Hello,
I am using the 'Extract Entity from Text' AI action in a workflow. In this block, the objective is to extract the full name of someone from a paragraph of text. Unlike the "generate text" action, this one doesn't have a field for a system prompt. I have tried putting guidance to the model into the "input" field, like this:
Debtor Information: {{ value.debtor_paragraph }}
SYSTEM INSTRUCTIONS:
Return just the full name. If you see two names like "John Paul Smith and
Mary Scott", just return the first name "John Paul Smith." ... Do not return
results like "The Estate of John Paul Smith", instead just return "John Paul
Smith"...
I am not confident this approach is working very well, as sometimes the entities extracted contain the very errors I attempt to guide against in the system prompt. I am able to deal with these later in a subsequent step in the workflow that cleans up the extracted entities in JavaScript, but I am wondering if there is any guidance on how to improve the performance of entity extraction. The documentation does not say anything about system prompts.
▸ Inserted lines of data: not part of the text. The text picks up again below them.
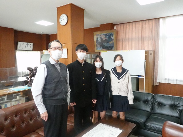 11月23日(祝・火)、和太鼓部が知立市文化会館で行われた高文連郷土芸能専門部の県大会に出場し、来年8月2日~4日に開催される、全国高等学校総文祭(2022東京大会)への切符を手に入れました。本日25日(木)の昼休みに、内田部長、加藤さん、石田さんの3名が、その報告に校長室を訪れてくれました。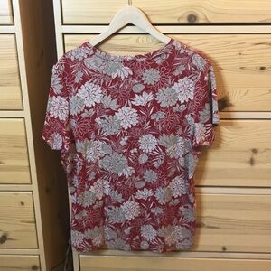 St. Johns Bay Red Floral Print T-Shirt Blouse Crewneck Size XL
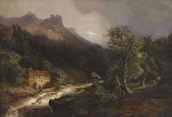 George Harvey painted "Rob Roy's Castle, Scotland" to depict the rugged landscape and historical weight of Scotland through its ruined castle, a potent symbol of time's passage and lost power. Ruins, like the castle here, appear throughout art history as reminders of past civilizations and the transience of human achievement, harking back to the classical world. Yet, what makes this ruin so fascinating is its association with Rob Roy, a figure shrouded in myth and rebellion. He embodies defiance against authority and the romantic ideal of the outlaw, echoing figures like Robin Hood. The presence of figures within the landscape invite viewers to contemplate their own place within history and nature. Consider too, the sublime vastness of the Scottish Highlands, evoking feelings of awe and insignificance. This landscape touches a deep, collective memory of resilience, independence, and the haunting beauty of decline.
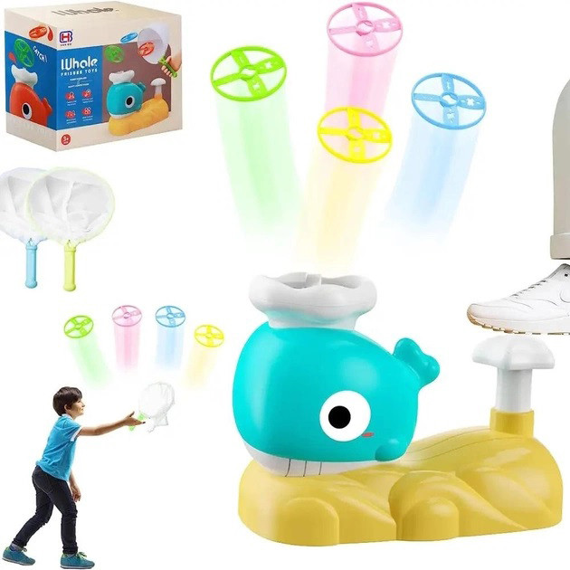 Поміщаючи диск на спину кита та натискаючи педаль, ви запускаєте іграшку, яка злітає у повітря. Літаючу тарілку можна зловити за допомогою спеціального сачка. Існують різні варіанти гри, і ви можете насолоджуватися грою з друзями та навіть з домашніми тваринами. Ця іграшка створює веселу атмосферу на свіжому повітрі та сприяє розвитку командного духу.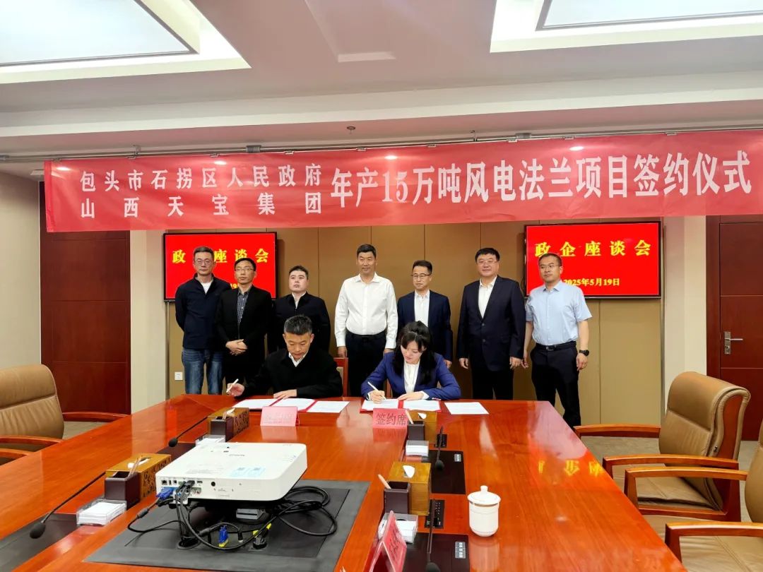 5月19日,石拐区与山西天宝集团举行年产15万吨风电法兰项目签约仪式,这是包头市风电装备产业发展又一重大标志性项目。该项目计划总投资约20亿元,占地规模约330亩,建成达产后预计可实现年产值15亿元以上,年税收2亿元以上,提供就业岗位500个。
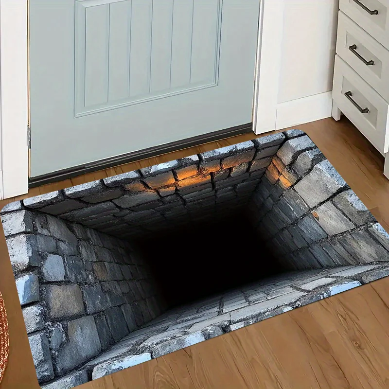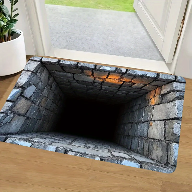 Realistic Brick Tunnel Illusion Rug – 3D Graphic Skid-Resistant Carpet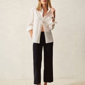 Mid-rise cropped trousers, cut from 100% Japanese wool. Featuring front slash pockets and back welt pockets with a single button closure. Finished with horn buttons, a hook and bar fastener, and a stay button.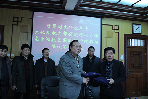 2012年12月29日上午,世界刘氏联谊总会文化及教育部捐资建设河南大学龙子湖校区国际汉学院框架协议签订仪式在明伦校区新办公楼二楼会议室举行,世界刘氏联谊总会文化及教育部部长刘增智,城乡小康发展河南中心主任王可栋,我校常务副校长赵国祥以及教育发展基金会、龙子湖校区建设融资与项目合作办公室、国际汉学院等部门负责同志出席仪式。仪式由龙子湖校区建设融资与项目合作办公室副主任王建军主持。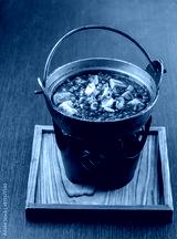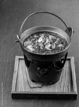 A photo of Mapo Tofu in a metal bowl on a wooden plate.
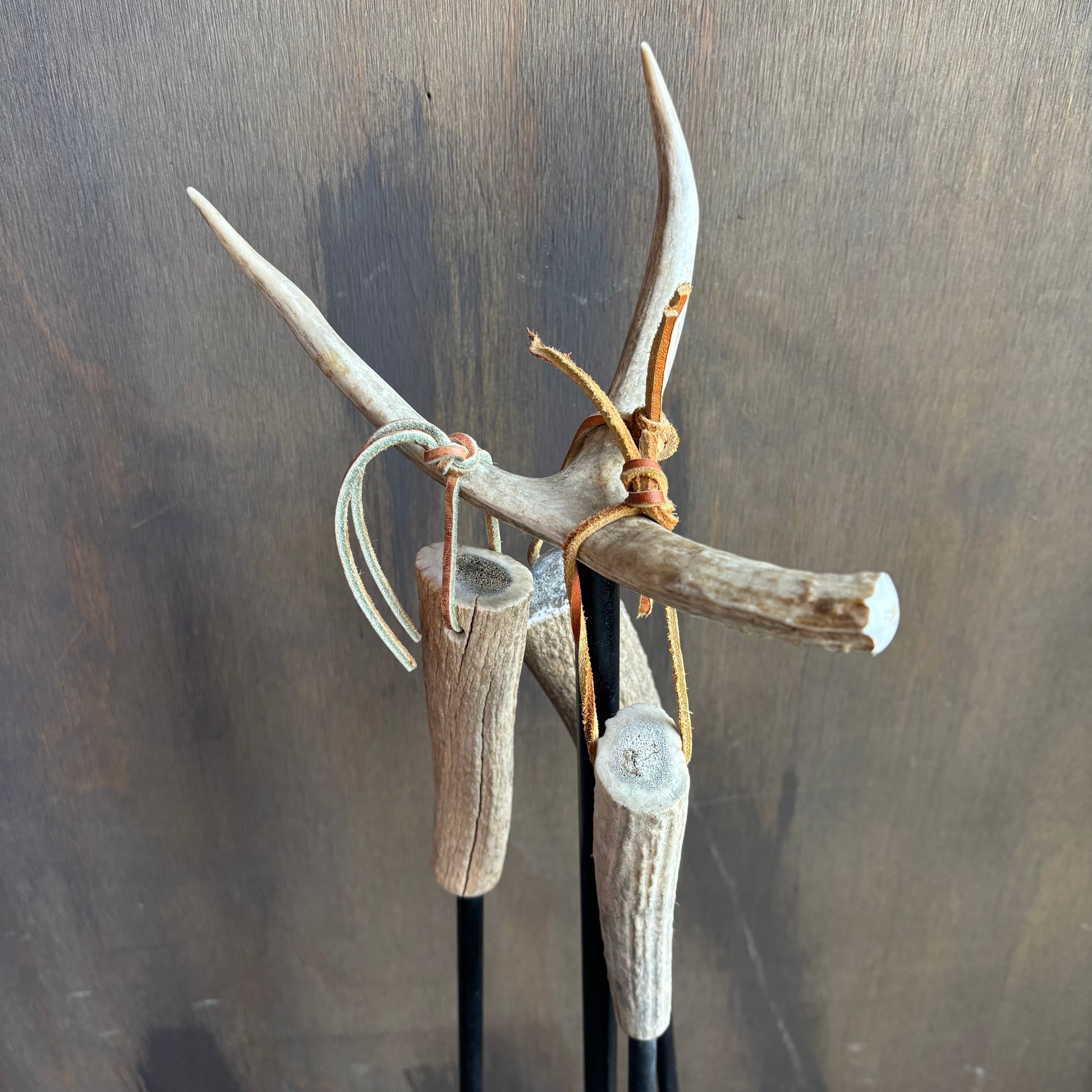 Rustic style fireplace set with antler base and top, includes three tools, 30” tall.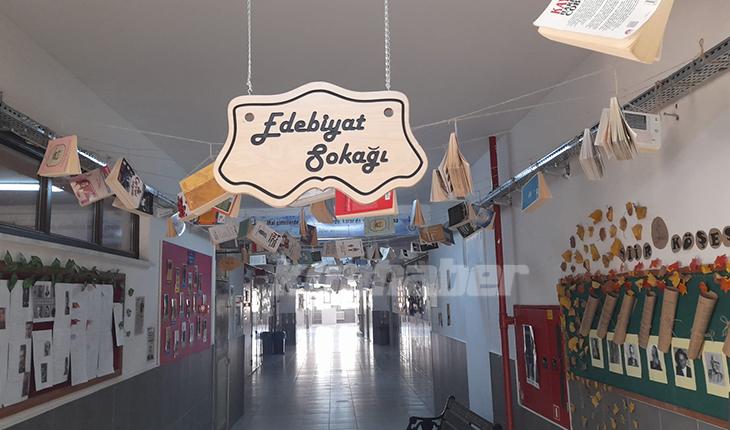 Daha sonra Arıcı ve Aktaş’a plâketleri takdim edildi. Okulu gezen Arıcı ve Aktaş özellikle okulun giriş koridorunda Türk Dili ve Edebiyat Öğretmenleri Hilal Şimşek Eğer ve Ayşegül Soycan tarafından oluşturulan Edebiyat Sokağı’na hayran kaldı.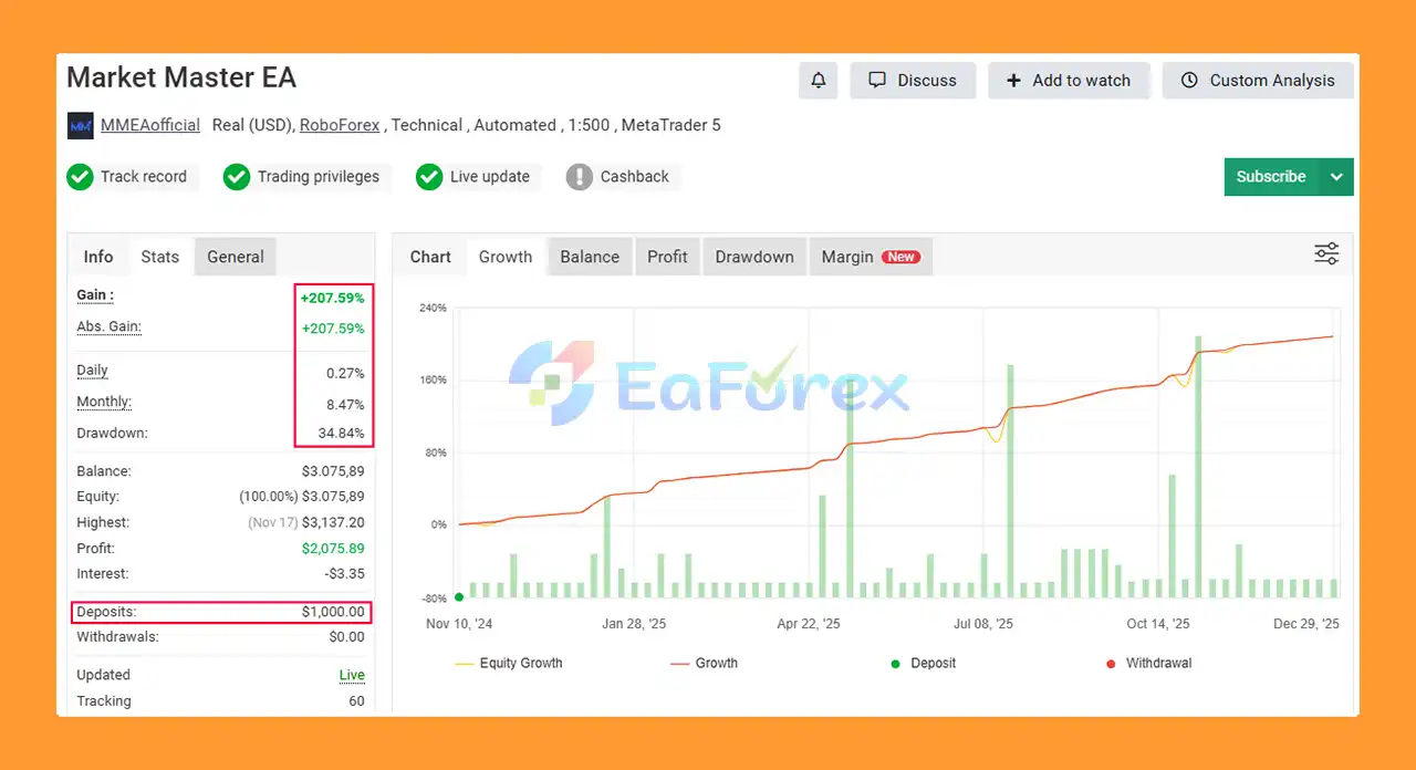Yes. Market Master EA MT5 has Myfxbook-verified trading results, including a +207.59% total gain on EURUSD over 14 months with an average monthly profit of 8.47%, confirming its real-world performance.

Also, the way it works, the only way to tell the system about the entity you want to extract is in the label in the 'entities to extract' input field. That's fine if you're extracting something where the name of the entity is obvious and self-descriptive, like 'telephone_number', but imagine if you wanted to extract, say, account_number or invoice_number -- you might want to guide the system that invoice numbers always begin with INV- or that account numbers will always be 10 characters long, etc. Again, just curious for advice on how to improve performance of entity extraction. Thanks.
Ok, but if you (not soecifically you fenix but whoevers reading this) are considering using or integrating AI please read over the page just once, they took the time to help keep us safe, help make sure some underpaid content writter gets to keep their job .
I mention this because of first and last names. its considered PII (Personally Identifying Information), and sharing it under certain circumstances and/or in specific countries is a BIG Federal NO NO. In general however we dont want the model to read it and accidently associate it w something else that leads to ut replying to a "hello" with the holocaust 2.0, or more likely itd just degrade model accuracy possibly compounding it every fine-tuning ending in hallucinations, lies and GPT2 lol.
a strategy to get around this is to substitue every name with an id, like a hash map would or a UUID/GUID then store than in a retool db or something.
ok so the secret to a lable like account_number or something, would actually be regex =).
I can definitely make a feature request for another input field that could be used to provide additional context to better define the 'entity to extract'!
Currently it works for simple examples but could be much more refined with additional context as you mentioned in your example with prefixes such as INV or defining the length of a number, etc.
I believe that under the hood the whole 'input' field is sent to the LLM model where it then can try to parse out instructions in the beginning paragraph and then apply such rules/logic to the following information in the 'input' field.
AI tools are new so we appreciate the feedback as we try to improve and fine tune the UI for users to best set up their payload to be properly utilized by the models!